Before we go further, a couple of words that will keep coming up. We keep saying “word”, but a model actually works in tokens, which are small chunks of text. A token might be a whole word like cat, or a piece of one like ing, or even a single space. You can keep picturing words for now; just know that the real unit is the token. The other word is logits. When the model finishes thinking about what comes next, it hands you one raw score for every possible token in its vocabulary. Those raw scores are the logits. A higher score means the model finds that token more plausible. They are not yet probabilities, just unpolished numbers, and a lot of what follows is about turning them into something we can actually sample from.

The loop, step by step

Let us walk the loop slowly, because every generation system you will ever meet is built from these same moves.

First, we look at the text so far and keep only the most recent stretch of it, the last context_length tokens. A model can only pay attention to so much at once, so if the conversation gets long we trim the old tail. Think of it as the model’s working memory.

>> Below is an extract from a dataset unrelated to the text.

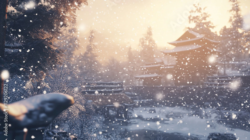 © FLOATING HEART, Fototapeta premium Winter landscape showing snow fall and large trees, Arctic Landscape with Snow covered trees in a winter season, winter morning snowy view with melting snow.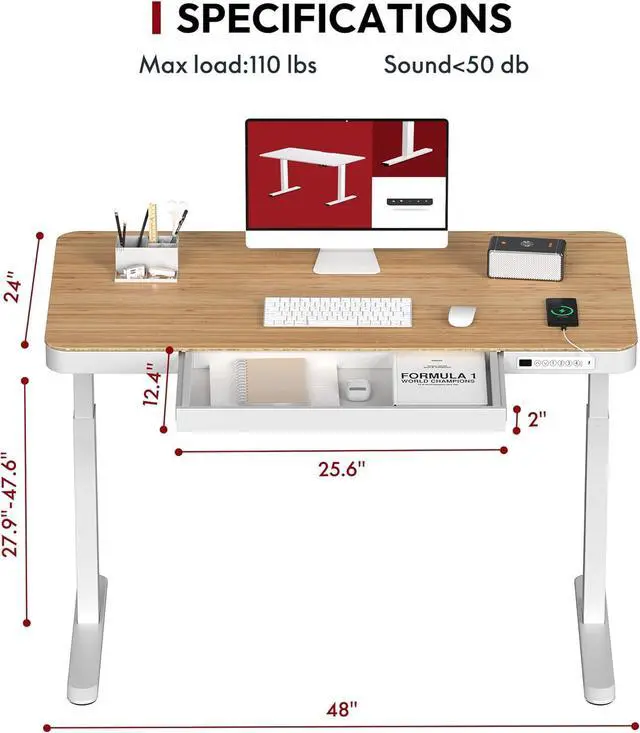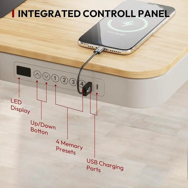 Embedded Multiple Functions: Easily save multiple with four programmable height presets, a child lock button helps prevent accidental touch. Charge up to three devices with integrated

Second, we run the model on that recent text. The model looks at every position, but here is a detail that surprises people: we only care about its opinion at the very last position. That is the one that predicts what comes next. In code this shows up as logits[:, -1, :], which is just a way of saying “give me the scores at the final spot, throw away the rest.” If that slice notation looks cryptic, do not worry, it simply grabs the last position’s logits.

Third, we shape those logits into a set of probabilities and draw one token from them. This is where the fun knobs live, and we will spend most of our time here.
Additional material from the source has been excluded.